I am about to load large amount of data to S3 using Timeplus, as well as other tools, such as Apache Spark, to compare the performance and cost.
I started from https://www.nyc.gov/site/tlc/about/tlc-trip-record-data.page. This is used to be available in AWS S3: https://registry.opendata.aws/nyc-tlc-trip-records-pds/ But this is no longer working (AccessDenied for aws s3 ls s3://nyc-tlc
).
So I have to write a script(with AI) to download the FHVHV data and upload it to our own S3 bucket.
Check cmd.sh for details. Just set up an EC2 instance with proper IAM role and you can run this script.
bash cmd.sh
Processing fhvhv_tripdata files from 2019-02 to 2025-01...
-------------------------------------------------------
Downloading fhvhv_tripdata_2019-02.parquet (489.28 MB)...

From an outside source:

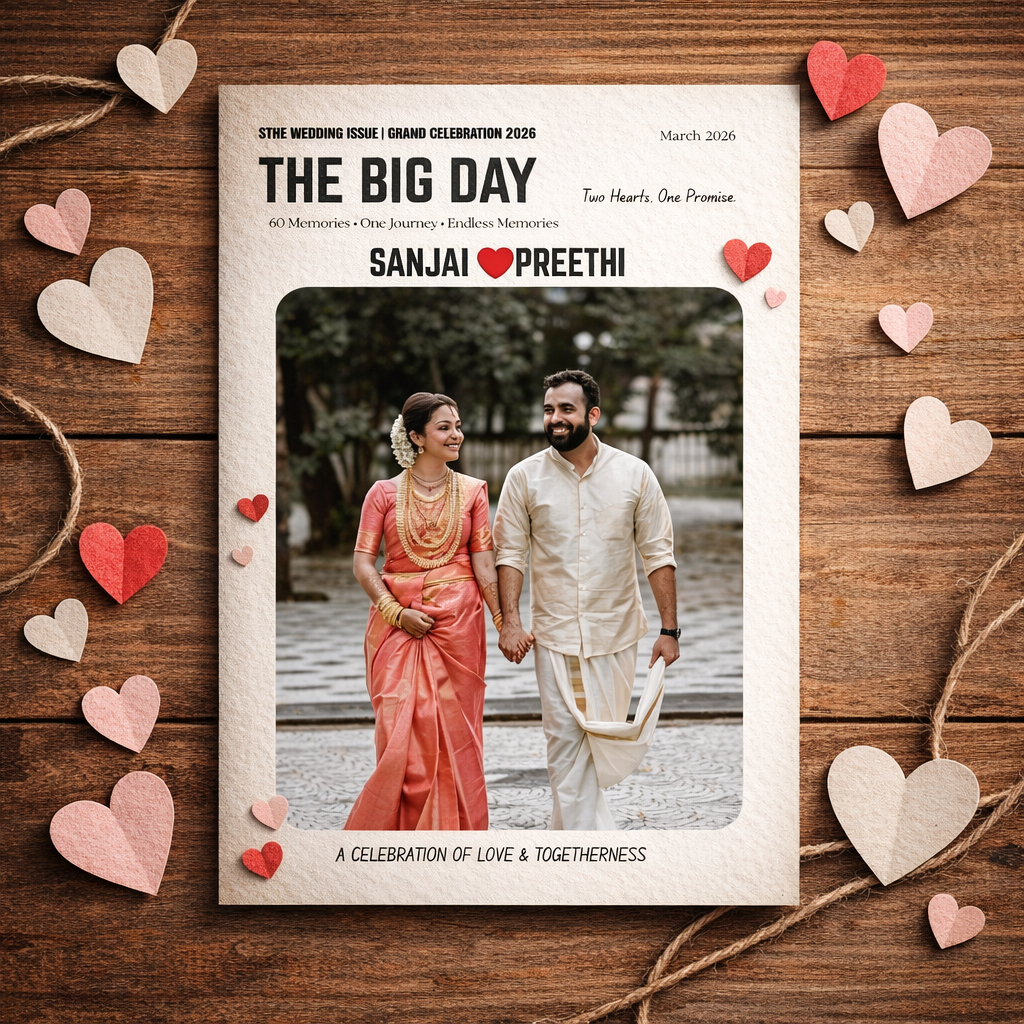 Create a stunning anniversary photo magazine to preserve your love story with beautiful photos, elegant design, and lasting memories.

Successfully downloaded fhvhv_tripdata_2019-02.parquet
Uploading fhvhv_tripdata_2019-02.parquet to S3...
upload: ./fhvhv_tripdata_2019-02.parquet to s3://timeplus-nyc-tlc/fhvhv_tripdata_2019-02.parquet
Successfully uploaded fhvhv_tripdata_2019-02.parquet to S3
-------------------------------------------------------
Downloading fhvhv_tripdata_2019-03.parquet (582.55 MB)...
Successfully downloaded fhvhv_tripdata_2019-03.parquet
Uploading fhvhv_tripdata_2019-03.parquet to S3...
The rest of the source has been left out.